### Work instructions
Retype the data that follows exactly. No pictures belong in the copy.

### Material for this task
● ● ● ● ●
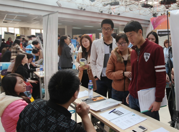 人头攒动的毕业生招聘会现场
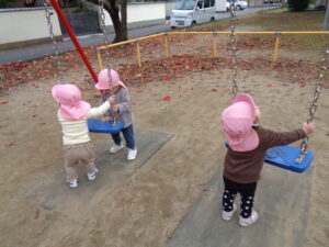 ブランコを持って前へ後ろへとゆらゆら動かしています☆
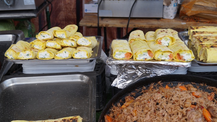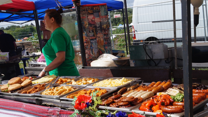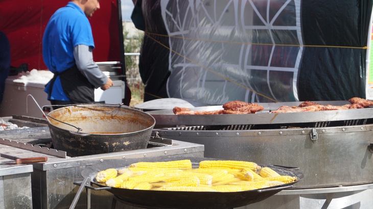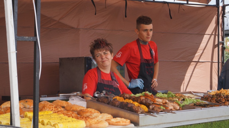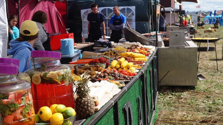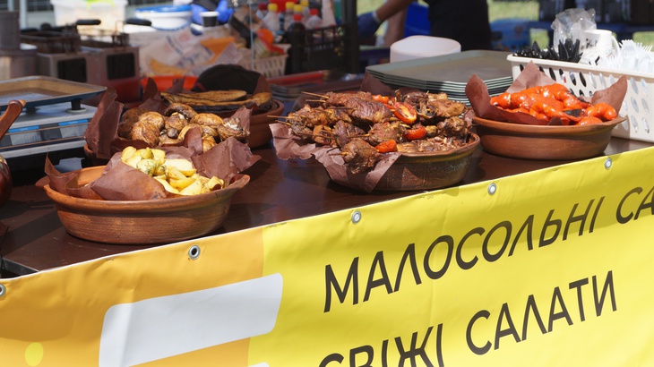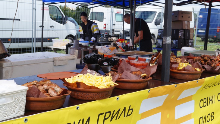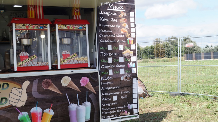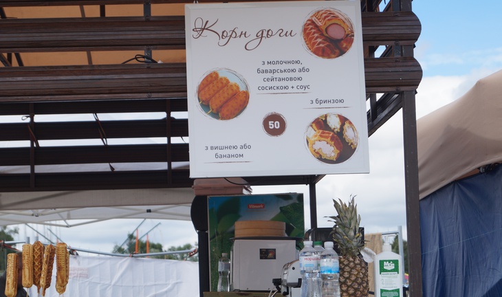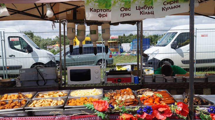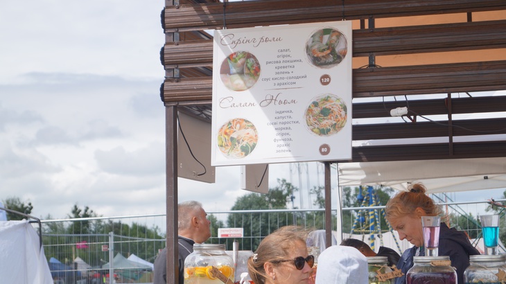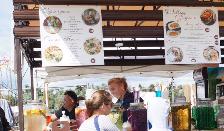 У зоні фудкорту можна поласувати різноманітними стравами. Зокрема, гостям пропонують: плов, картоплю, страви із грилю, бургери, піцу, бограч, роли, салати, кукурудзу тощо. Серед напоїв: лимонад, кава, чай, коктейлі, компоти, квас тощо.
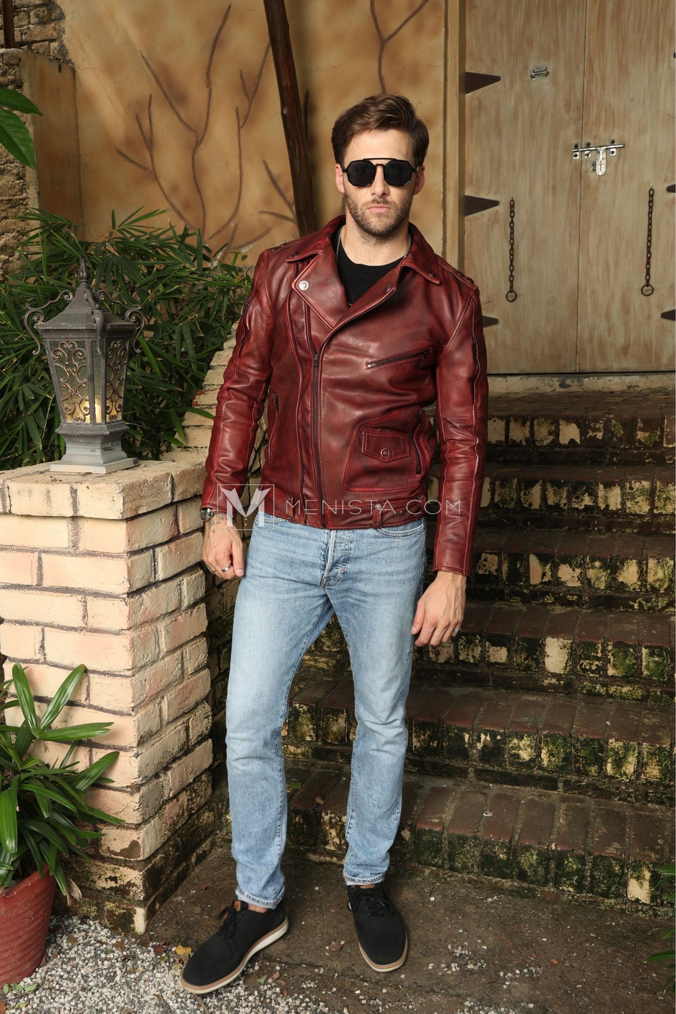 Elevate your wardrobe with Menista's Cherry Red Leather Jacket, designed for men who appreciate both style and comfort. This jacket features a sleek, contemporary cut and is made from premium quality leather, offering durability and a smooth, polished finish. The rich cherry red color adds a bold statement to any outfit, making it perfect for casual or semi-formal occasions. With a tailored fit, this jacket provides a sharp, modern look while ensuring maximum comfort and flexibility. Whether paired with jeans, trousers, or a shirt, the Cherry Red Leather Jacket is an essential addition to any man's fashion collection.
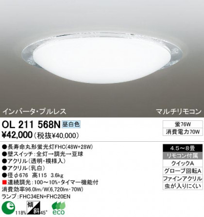 寸法:径φ676 高115 重量:3.6kg 材質:●アクリル(透明・模様入)|●アクリル(乳白) 総W数:76W 省エネ達成率:1.18 ランプ名称:長寿命丸形蛍光灯FHC(48W+28W) ランプ本数:2本 光源色:昼白色 傾斜取付45°可能 連続調光:100〜10%・タイマー機能付
● ● ● ● ●
### Final answer
 人头攒动的毕业生招聘会现场
 ブランコを持って前へ後ろへとゆらゆら動かしています☆
 У зоні фудкорту можна поласувати різноманітними стравами. Зокрема, гостям пропонують: плов, картоплю, страви із грилю, бургери, піцу, бограч, роли, салати, кукурудзу тощо. Серед напоїв: лимонад, кава, чай, коктейлі, компоти, квас тощо.
 Elevate your wardrobe with Menista's Cherry Red Leather Jacket, designed for men who appreciate both style and comfort. This jacket features a sleek, contemporary cut and is made from premium quality leather, offering durability and a smooth, polished finish. The rich cherry red color adds a bold statement to any outfit, making it perfect for casual or semi-formal occasions. With a tailored fit, this jacket provides a sharp, modern look while ensuring maximum comfort and flexibility. Whether paired with jeans, trousers, or a shirt, the Cherry Red Leather Jacket is an essential addition to any man's fashion collection.
 寸法:径φ676 高115 重量:3.6kg 材質:●アクリル(透明・模様入)|●アクリル(乳白) 総W数:76W 省エネ達成率:1.18 ランプ名称:長寿命丸形蛍光灯FHC(48W+28W) ランプ本数:2本 光源色:昼白色 傾斜取付45°可能 連続調光:100〜10%・タイマー機能付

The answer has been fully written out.